Breaking News

IRT Dipenjara karena Lawan Polisi

Praktisi Hukum Menilai Kasus Tina Rambe Dipaksakan oleh Penguasa, Dipenjarakan setelah Demo

Halomoan Panjaitan, Praktisi hukum Lembaga Bantuan Hukum Bela Rakyat Indonesia menilai penangkapan Tina ini merupakan adanya dorongan dari penguasa.

HO
Warga Pulau Padang, Kecamatan Rantau Utara, Kabupaten Labuhan Batu melakukan aksi unjuk rasa dengan menanam diri, Kamis (16/5/2024). Meminta pabrik kelapa sawit di kampungnya segera di tutup. 

TRIBUN-MEDAN.COM, RANTAUPRAPAT - Perkara yang dialami Gustina Salim Rambe, seorang ibu rumah tangga sekaligus aktivis lingkungan yang dipenjara saat melakukan unjuk rasa menolak dibangunnya pabrik kelapa sawit di Desa Pulo Padang, Kecamatan Rantau Utara, Kabupaten Labuhanbatu kini menjadi sorotan. 

Perkara ini menjadi sorotan setelah beberapa postingan akun media sosial tiktok sliweran terkait penangkapan yang dinilai dipaksakan tersebut. 

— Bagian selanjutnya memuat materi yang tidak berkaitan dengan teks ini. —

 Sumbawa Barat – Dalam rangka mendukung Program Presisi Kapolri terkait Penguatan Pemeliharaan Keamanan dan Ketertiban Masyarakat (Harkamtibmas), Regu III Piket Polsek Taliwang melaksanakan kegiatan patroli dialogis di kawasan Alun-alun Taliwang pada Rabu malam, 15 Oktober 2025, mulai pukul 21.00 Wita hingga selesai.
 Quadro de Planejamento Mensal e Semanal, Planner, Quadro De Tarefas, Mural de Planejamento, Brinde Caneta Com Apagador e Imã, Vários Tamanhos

Menurut Halomoan Panjaitan, praktisi hukum Lembaga Bantuan Hukum Bela Rakyat Indonesia (LBH BRI) menilai penangkapan Tina ini merupakan adanya dorongan dari pihak yang memiliki kekuasaan.

 

Gustina Salim Rambe alias Tina Rambe, Ibu rumah tangga di Pulo Padang, Kecamatan Rantau Utara, Kabupaten Labuhanbatu menjadi pesakitan setelah melakukan unjuk rasa penolakan pabrik kelapa sawit. Dituding telah menganiaya petugas
Gustina Salim Rambe alias Tina Rambe, Ibu rumah tangga di Pulo Padang, Kecamatan Rantau Utara, Kabupaten Labuhanbatu menjadi pesakitan setelah melakukan unjuk rasa penolakan pabrik kelapa sawit. Dituding telah menganiaya petugas (HO)

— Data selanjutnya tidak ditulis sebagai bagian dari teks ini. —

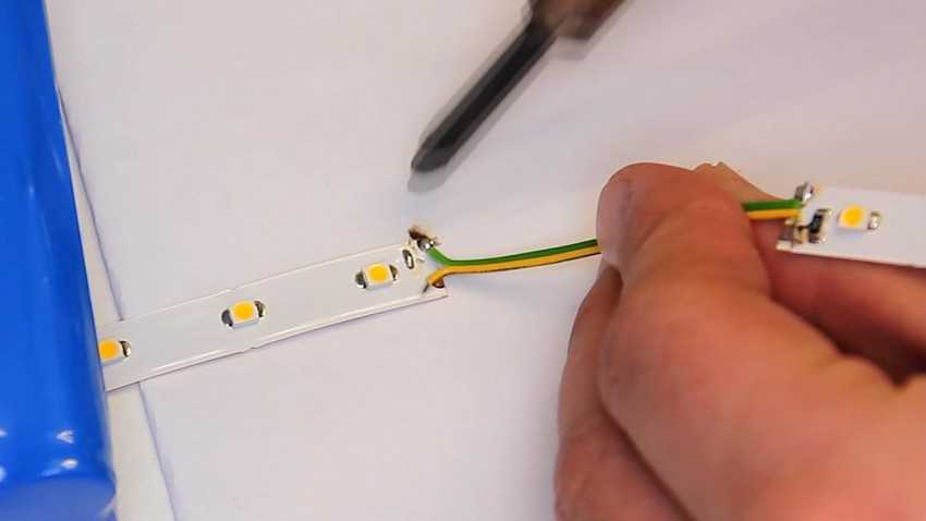 Процесс монтажа упрощается, если приобретен кусок ленты с уже подсоединенными проводами.

Bahkan, menurutnya, penangkapan terhadap Tina ada rekayasa agar dapat menjeratnya sebagai tersangka. 

"Kalau kita lihat, penangkapan tersebut sudah janggal. Dimana, sebelumnya mereka (pendemo) melakukan aksi kubur diri, kemudian mereka melakukan aksi blokir jalan. Disana, polisi bingung bagaimana caranya menjerat mereka, maka dari itu, mereka balik ke Posko, kemudian petugas datang dan mengamankan Tina. Anehnya, mereka sudah mempersiapkan video, dan seperti sengaja agar merekam Tina yang meronta-ronta," kata Halomoan Panjaitan, Kamis (19/9/2024). 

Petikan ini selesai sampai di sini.